What happens when you enroll in an online class
When you register for an online class, you will receive a welcome email followed by login access to the Citrix GoToTraining virtual classroom. A workbook (printed copy or eBook) will be sent to you prior to the start of class.
Online Training Advantages
Convenience: You don’t have to travel and can attend from your home, office or anywhere with an internet connection. Our online classes are conducted using GoToTraining, a more robust version of the popular GoToMeeting screen sharing and conferencing platform. To accommodate multiple time zones, courses are typically scheduled from 10am – 5pm Eastern with a one-hour lunch break at 12:30 – 1:30 pm Eastern and a 10-minute break in the morning and afternoon. When conducting custom online course for your group, class times can be modified to accommodate your timezone.
Interactive Learning: Our online training is fully interactive. You can speak and chat with the instructor and classmates at any time. Various interactive techniques are used in every class.

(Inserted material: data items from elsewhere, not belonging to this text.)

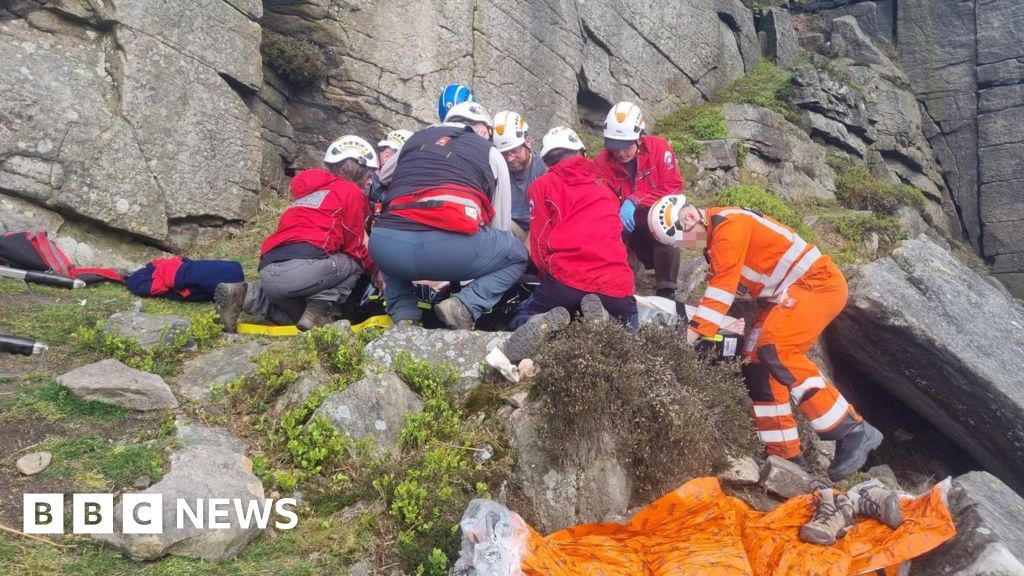 The Edale Mountain Rescue Team said it was called to the Great Tor area of Bamford Edge in Derbyshire on Sunday afternoon.
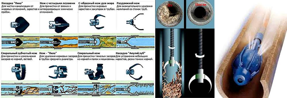 Вид насадки выбирается в зависимости от типа засора и способа его устранения:
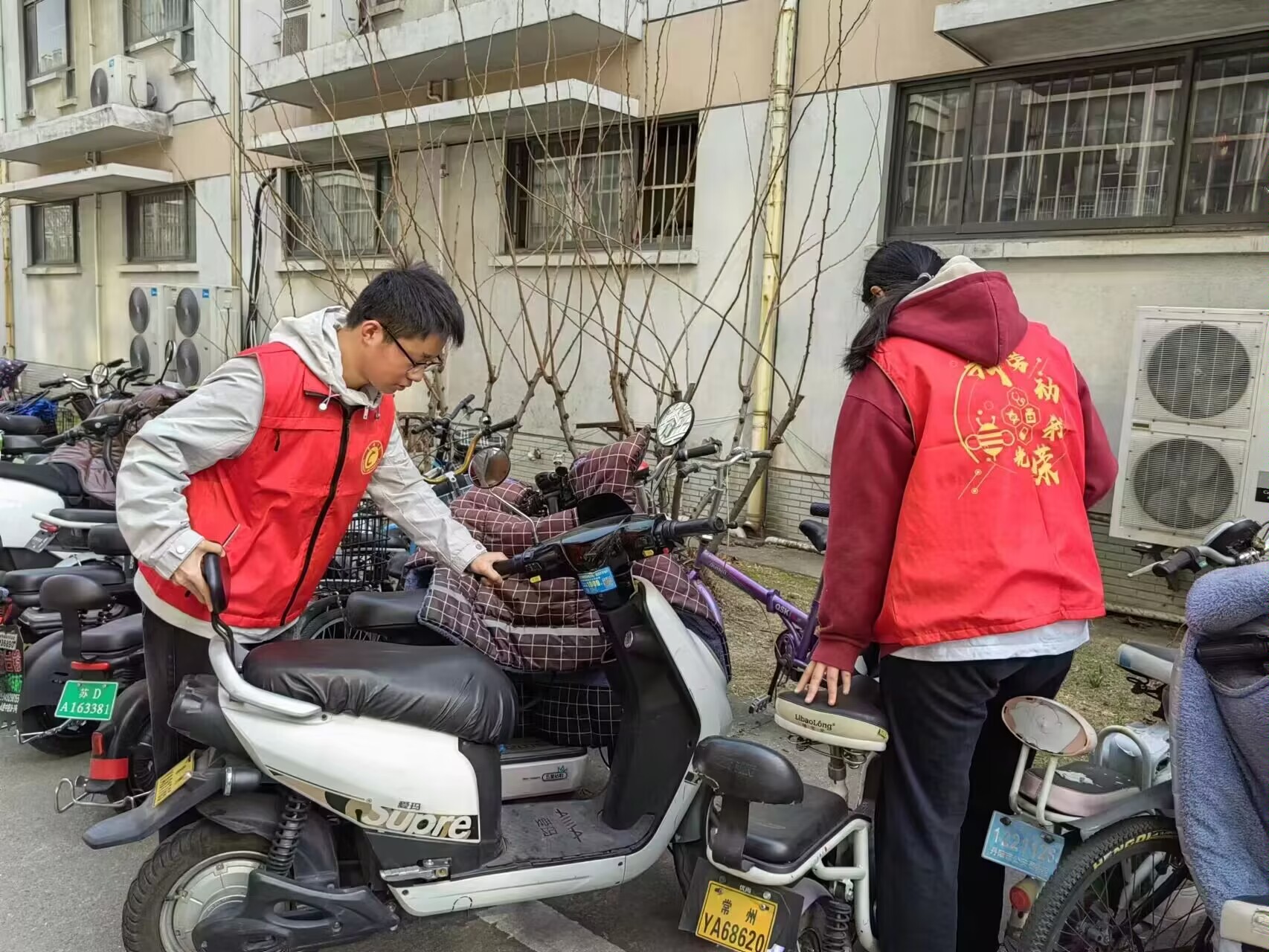 第三支小队主要由院学生组织骨干陈钰和费琴雨同学带领,与其他积极参加的同学们一起在校园内进行志愿清理工作,主要内容包括帮助整理校园中的停放杂乱的车辆,擦拭校园垃圾桶和长椅等。校园内非机动车辆众多,且停放多有杂乱,严重影响同学们的正常行经。小队成员于是不辞辛劳,穿行于校园之中,将倒在地上的车辆一一扶起,并推进到指定且安全的停车区域,同时对停放杂乱的车辆,包括共享单车和共享助动车也进行了整理。同时,队员们还周边环境进行了清理,给同学们带来整洁环境的同时,也为校园文明建设贡献出自己的一份青春力量。

Our small class sizes (typically 4 – 8 students), allow our instructors to focus on individual performance and issues and to work closely with you to meet your unique needs. Classes are designed to be a hands-on learning experience, providing opportunities for you to try your new skills while the instructor is available for review, questions, and feedback. You have the option to give the instructor permission to view your computer to provide one-on-one assistance when needed.